And then again, another poem by the same author:
'There
was, before me,
Mile upon mile
Of snow, ice, burning sand.
And yet I could look beyond all this,
To a place of infinite beauty;
And I could see the loveliness of her
Who walked in the shade of the trees.
When I gazed,
All was lost
But this place of beauty and her.
When I gazed
And in my gazing, desired,
Then came again
Mile upon mile
Of snow, ice, burning sand.'
"Now
here you will observe," continued Socrates, "the
tendencies which appeared in the first poem have become
pronounced and exaggerated. A mild lunacy in the one
has become settled madness in the other. So that I should
say Mr. Crane is at least one exception to the general
prevalence of imbecility. And then, too, there is that
beautiful poet, Emily Dickinson. She too, with her decidedly
Emersonian manner of expression, her mystic and pregnant
stanzas, is a very tonic stimulus to our slothful thinking.

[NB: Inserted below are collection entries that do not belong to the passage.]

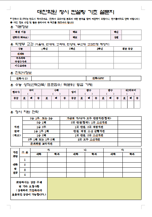 대찬학원 정시 컨설팅 기초 설문지
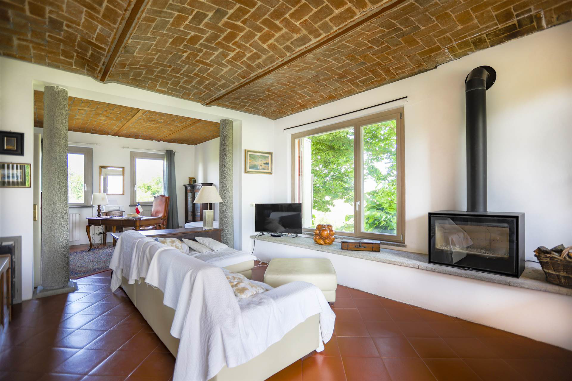 The house is in a unique location: surrounded by nature and green spaces with breathtaking views of the countryside, yet centrally located with easy access to shopping, restaurants, and cultural attractions. Here you can enjoy complete peace and privacy without having to forego the conveniences of everyday life.
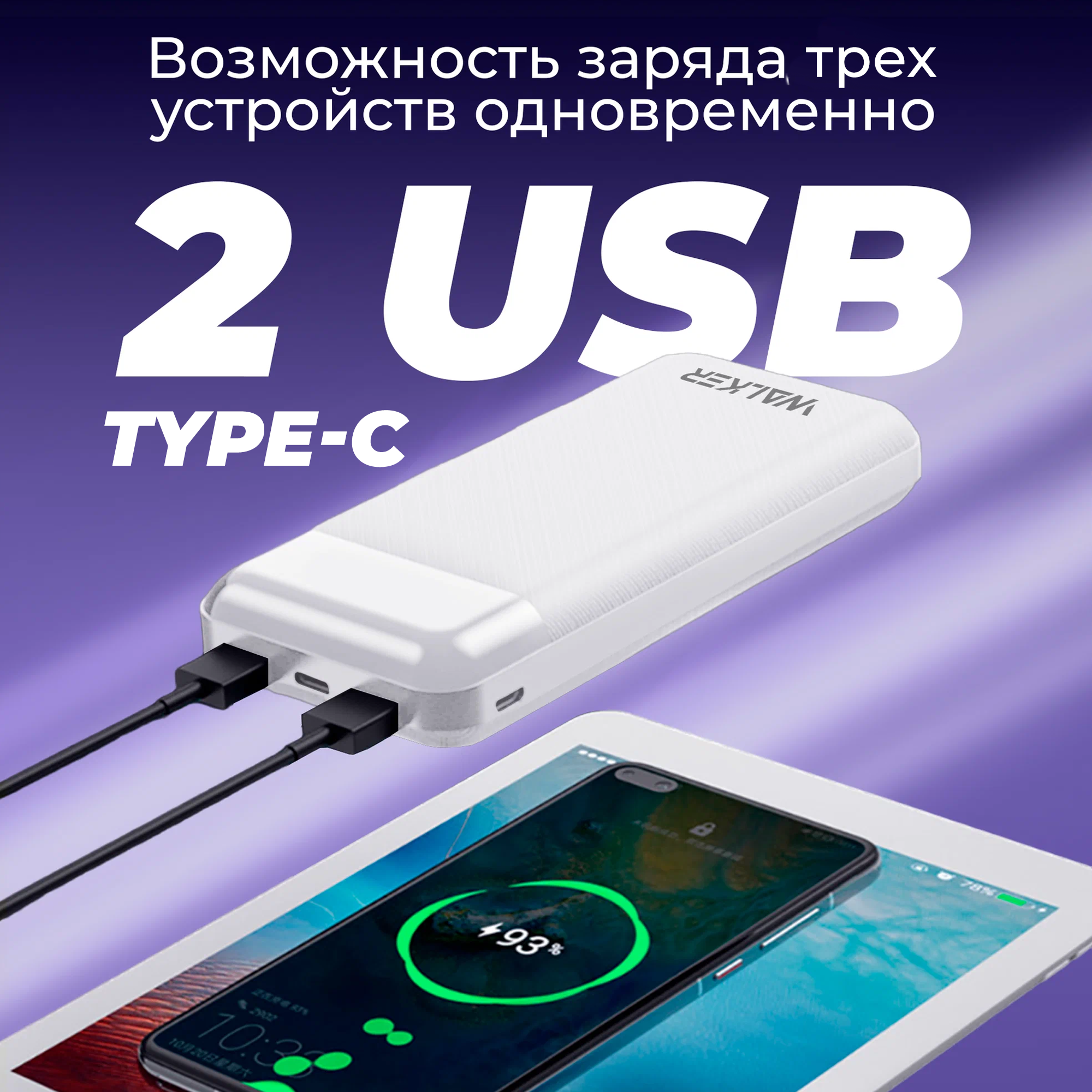 Портативный внешний аккумулятор 20000 mAh, разъемы Type-C, microUSB, USB, WALKER, WB-525, белый / powerbank, power bank на телефон, повербанк, банка

It seems to be that one would have to class her with
Blake and Shelley, with the seers of visions and the
dreamers of dreams, with the rapt saints and prophets,
the thoroughly inspired."
"Well,
Socrates, since you have spoken of the appearance of
traits of madness and traits of imbecility in literature,
I almost shrink from asking you about traits of debauchery.
It is something which we do not like to think about.
It seems to be a tendency much more debasing than the
other two, much more within our own control, and much
more widely spread."
"You
need not fear," Socrates replied. "For although
a tendency to debauchery may be a very general human
calamity, I do not think it is very prevalent in art.
You told me that it seemed to you debauchery implied
an excess of the physical and mental endowments in a
man, overbalancing the emotional or spiritual part in
him. So that one of the characteristics of debauchery,
or rather the chief characteristic of it, is insincerity.
The ingenuity of the mind and the activity of the senses
combining to find play and scope, without, as we say,
having much heart. And a lack of heart, a lack of zeal,
a lack of conviction, insincerity in short, is that
trait which marks a tendency towards debauchery in art.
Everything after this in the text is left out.